Ursolic acid (UA) exhibits antitumor activity; however, its effects and mechanisms on triple-negative breast cancer (TNBC) cells are not well understood. The present study aimed to explore the anti-TNBC mechanisms of UA by network pharmacology and experimental validation.

Methods

TNBC cell lines MDA-MB-231 and BT-549 cells were treated with UA. A CCK-8 assay was performed to detect cell growth, while flow cytometry assessed cell cycle arrest and apoptosis. The underlying mechanism and potential targets of UA for TNBC treatment were investigated by network pharmacology, including PharmMapper database, GO, KEGG enrichment, and PPI analysis. The protein expressions and phosphorylation levels of FGFR1, AKT, and ERK were measured by western blot. Pull-down assay, cellular thermal shift assay (CETSA), and molecular docking were used to analyze the interaction between UA and FGFR1. Xenograft models were established to examine the effect of UA on TNBC tumor growth.

Results

UA effectively reduced cell viability, induced apoptosis, and arrested cell cycle in TNBC cells.

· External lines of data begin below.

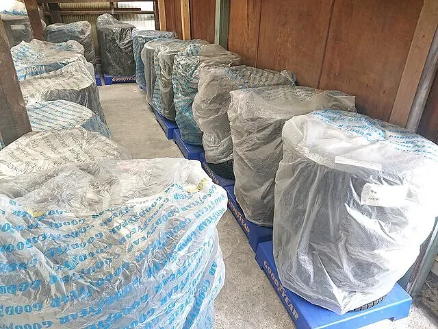 シーズン履き替えしたタイヤホイールのお預かり保管サービスをしています。
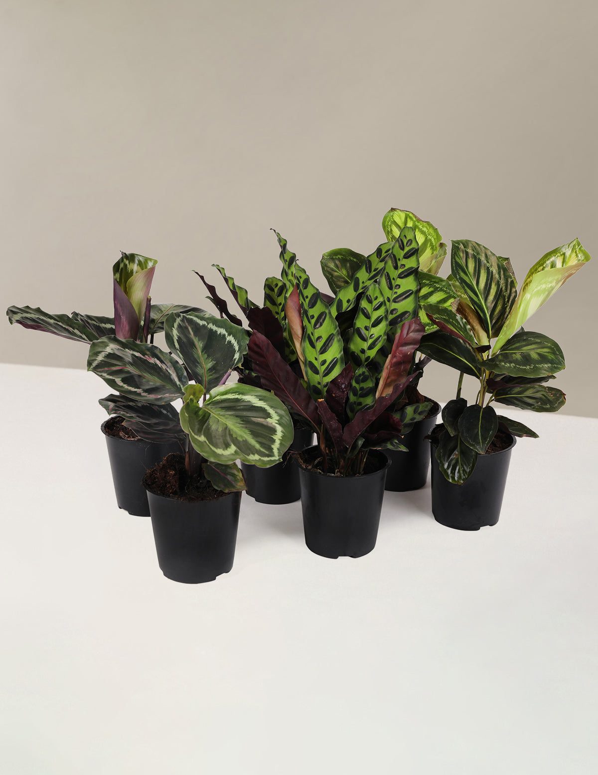 Add movement and pattern to your home with our pack of 6 Calatheas. Pet-friendly and full of personality, these unique plants are fun to grow and to gift. Kickstart your collection, or split with your plant bestie to grow your green thumbs together.
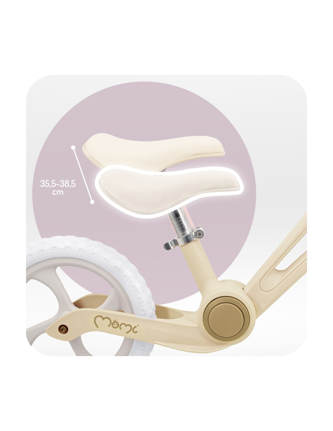 MoMi NORU este o bicicleta de echilibru unica, ce se remarca prin optiunea inovatoare de pliere a cadrului cu o simpla apasare de buton. Aceasta o face mult mai portabila!
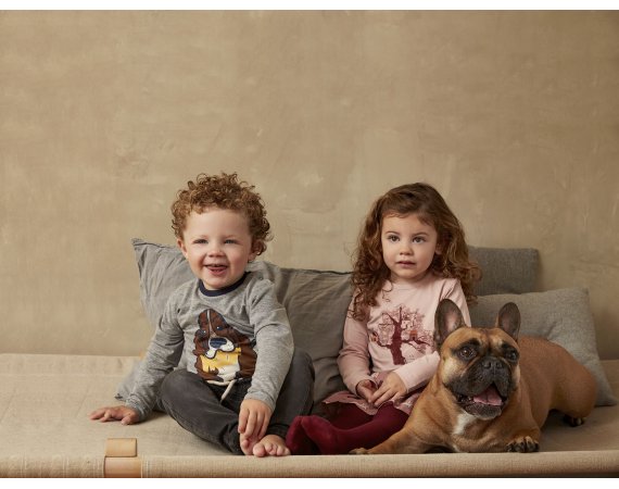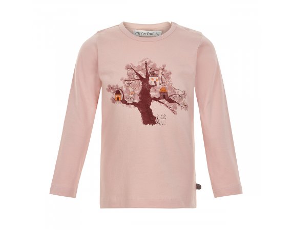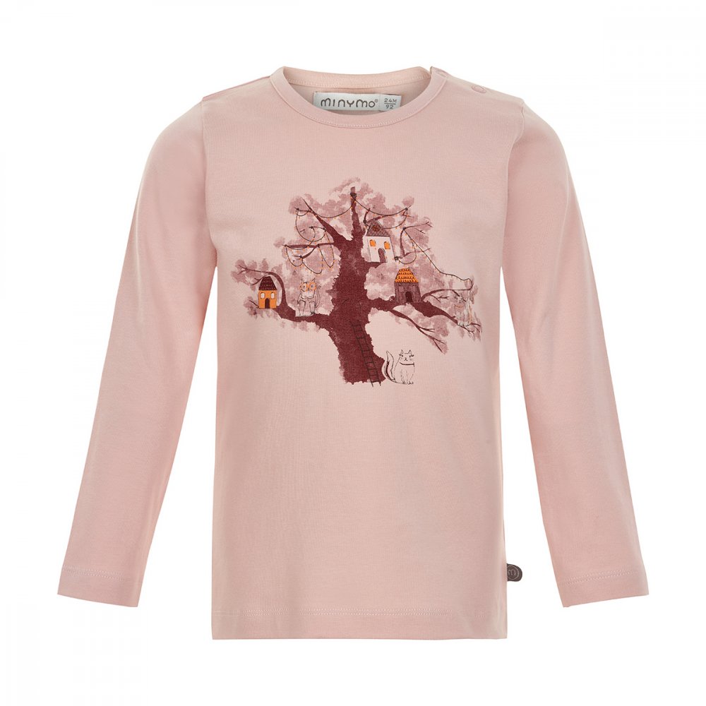 Stilig langermet trøye av Single-Jersey.Trøyen har et gøyalt trykk som viser et tre med hus foran på brystet. Den har en smal ribbestrikket kant langs halsen. Vær oppmerksom på at de er trykknapper på skulderen for str. 80-92.

Moreover, UA significantly regulated the expression of Bcl-2 and Bax to induce apoptosis. The results of network pharmacology and western blot suggested that UA reduced FGFR1/AKT/ERK pathway. Furthermore, pull-down, CETSA, and molecular docking results revealed that UA directly bound to FGFR1. In the xenograft model, UA inhibited the growth by suppressing FGFR1.

Discussion

In this study, we employed network pharmacology and experimental approaches to elucidate the mechanism of UA on TNBC. The results demonstrated that UA targeted FGFR1 to inhibit TNBC mediating FGFR1/AKT/ERK pathway.

Conclusions

Our findings demonstrate that UA inhibits the FGFR1/AKT/ERK pathway by directly targeting FGFR1, thereby suppressing TNBC progression and supporting its potential as a therapeutic agent for TNBC treatment.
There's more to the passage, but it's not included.